GPs from 21 practices expressed interest in the study. Of these, 16 GP practices were purposefully selected that varied in terms of their deprivation score, list size, and demographic characteristics of patient populations, and in terms of whether or not the practice was in a catchment area containing secondary care services commissioned to work with patients at risk of psychosis. The GPs who had expressed an interest in the study were then interviewed across these 16 practices. The GP practices were reimbursed for the GPs’ time.

Data collection

A topic guide was used to ensure consistency across the semi-structured interviews. The guide included questions about the recognition, identification, and management of patients with an at-risk mental state for psychosis; advantages and disadvantages of early identification; and facilitators and barriers to early identification. The topic guide was informed by the authors’ experiences of recruiting patients with an at-risk mental state for psychosis to the feasibility study, and findings of other studies on their identification in primary care.21

All interviews were conducted by the first author, who is a PhD student with experience of conducting mixed-method studies. Interviews were held between March and July 2019. During the first seven interviews, the first author referred to the patient group of interest as ‘patients at risk of psychosis’ or ‘people who are showing early signs of developing a psychotic illness’. However, as data collection continued it became clear that some GPs were not familiar with this term. Therefore, the topic guide was changed so that at the start of each interview, the first author gave a clear definition of at-risk mental state for psychosis:

‘People who have mild or short-lived psychotic symptoms such as hearing voices that are just fleeting in nature, or having odd ideas or paranoid beliefs that have not yet formed into strong delusional convictions that are not amenable to rational argument. So these people would not clearly meet the threshold for a psychotic disorder such as schizophrenia, but nevertheless have some symptoms that suggest they might be in the process of developing a psychotic illness.

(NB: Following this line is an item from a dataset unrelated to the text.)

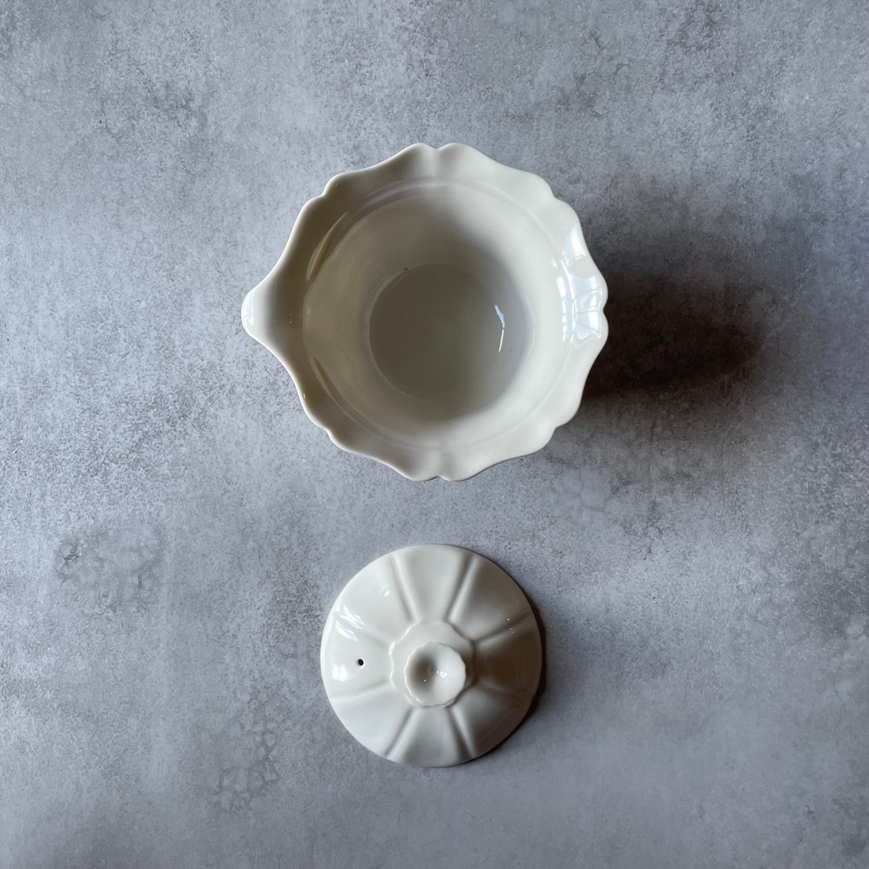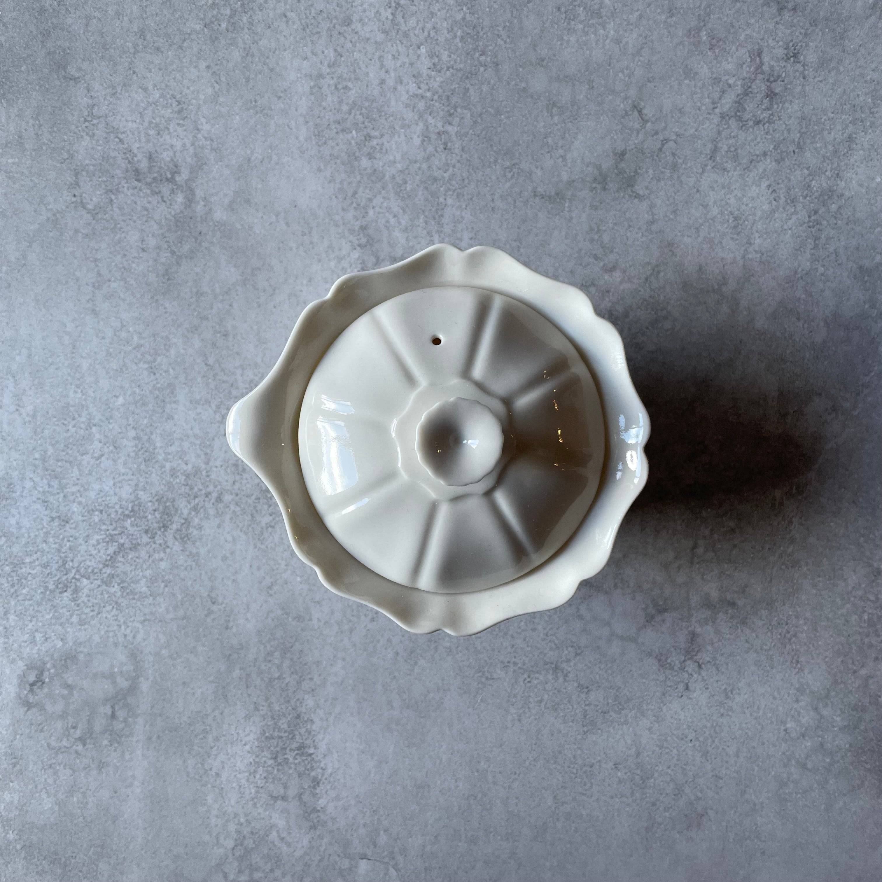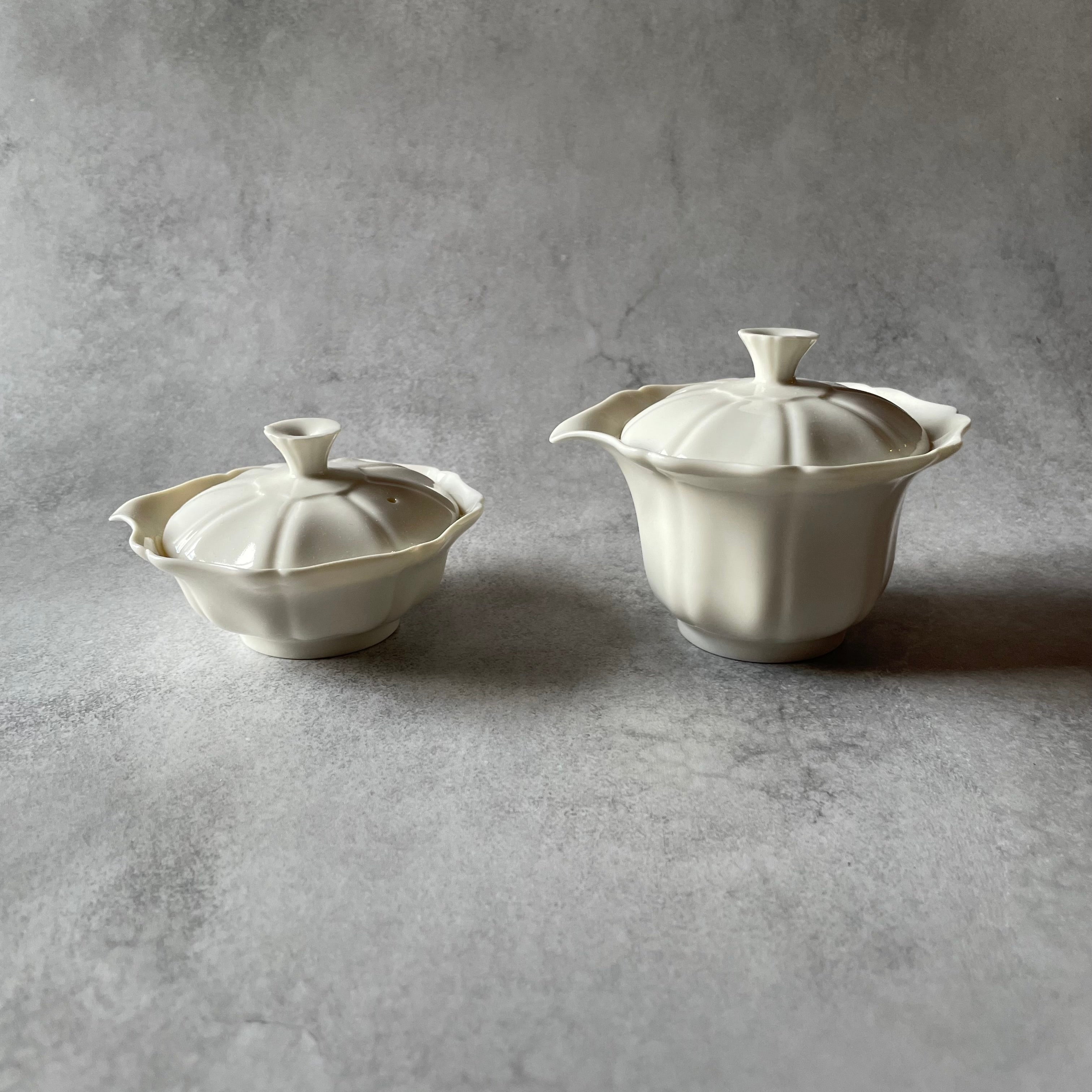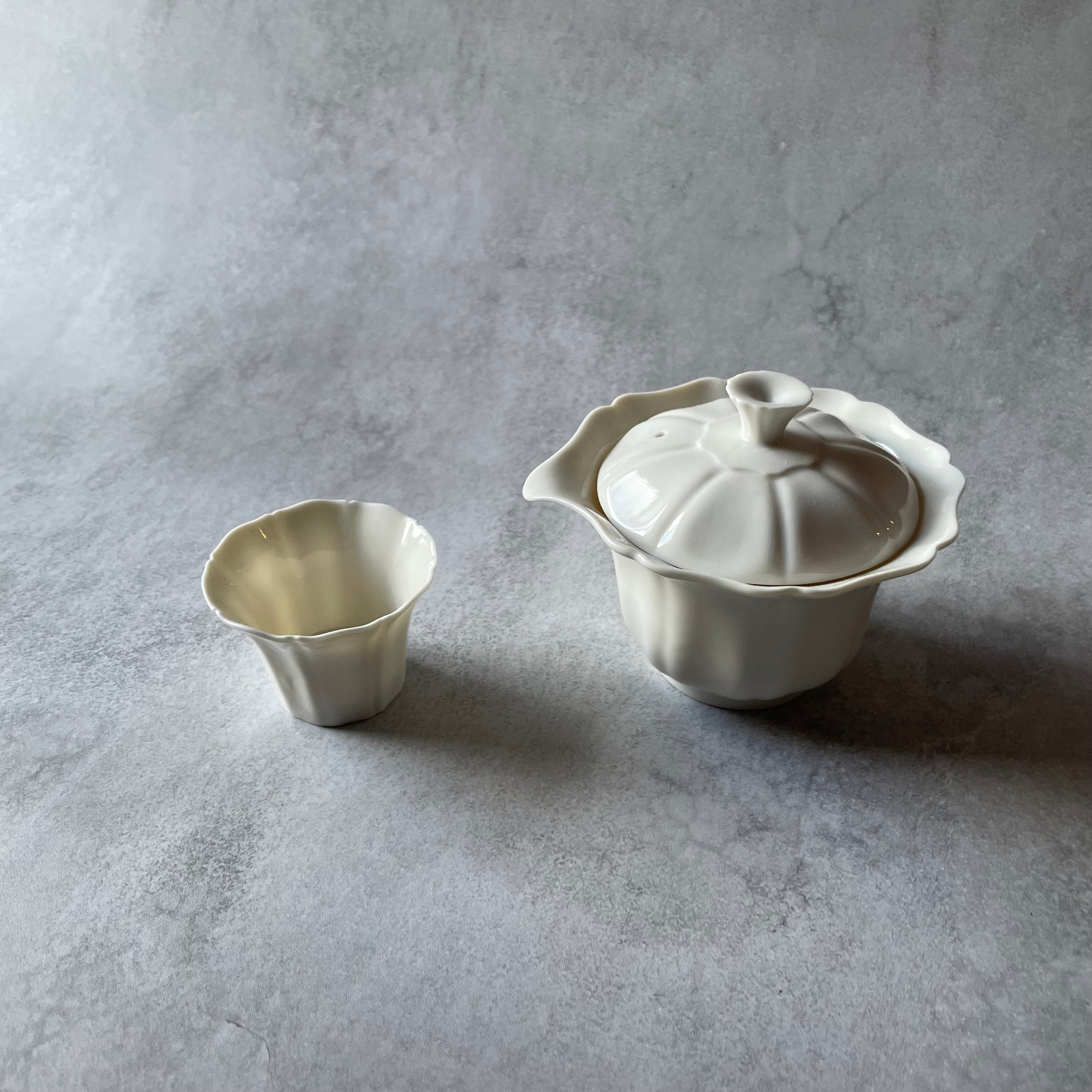 輪花の口縁と、ふっくらとした胴。白磁のやわらかな光沢が、凛とした品格を与えます。装飾を抑えた造形だからこそ、形の美しさが際立つ一客です。

The wording of some of the questions was also changed, that is, patients with an at-risk mental state for psychosis were now referred to as ‘patients with mild or short-lived psychotic symptoms’. In addition, the first author openly asked GPs if they recognised this patient group:

‘Have you come across the concept of an at-risk mental state for psychosis? Is this a patient group you recognise?’

GPs working in areas where EI teams were commissioned to work with patients at risk of psychosis were interviewed with the second, revised, topic guide.

Analyses

Data collection and analyses were conducted in parallel so that insights from early interviews informed later data collection, and to ensure data collection continued until data saturation was reached, that is, no new themes emerged in the later interviews. All interviews were audiorecorded, transcribed verbatim, and analysed thematically.22

The first (having a psychology background) and last (a senior qualitative methodologist) authors independently read and manually coded a sample of transcripts. They then met to discuss their coding and interpretation of data. There was a good level of agreement between the coding of the two authors. Any discrepancies were solved by discussion and resulted in the addition of further codes or clarification of existing ones. After agreeing the new coding frame, all transcripts were uploaded to NVivo (version 12) and coded electronically.

Data under specific codes were then retrieved and summarised in a table where rows presented each interviewee and columns presented the different codes. This enabled the researchers to look across and within the interviews to highlight common themes and deviant cases. Extracts of data and their interpretation were then discussed with the wider team that included the fourth (an academic psychiatrist), second (an epidemiologist), and third (a field worker in primary and secondary care research) authors.

RESULTS

Characteristics of GPs interviewed

In total, 20 GPs were interviewed. Of the interviews, 10 were held by telephone and 10 in person at their practice. On average, interviews lasted approximately 30 minutes and eight of the GPs interviewed were females. GPs were aged 32–63 years (mean age: 46.0 years, standard deviation 8.6). The median number of years working as a GP was 14 (interquartile range 12 to 25 years). One of the GPs had an additional qualification in mental health, and another GP had an additional qualification in addictions.

Recognition of patients with an at-risk mental state for psychosis

When using the first version of the topic guide, some GPs asked for clarification about what was meant by people at risk of psychosis. These GPs were unsure whether the researchers were referring to individuals who had certain risk factors associated with psychosis, such as use of illicit drugs or a trauma history, people who had already had a psychotic illness and were now at risk of relapse, or patients with mild psychotic symptoms:

‘It’s not something I’ve heard ofI didn’t know whether you meant people who might have risk factorsor whether you meant people with early symptoms of psychosis.’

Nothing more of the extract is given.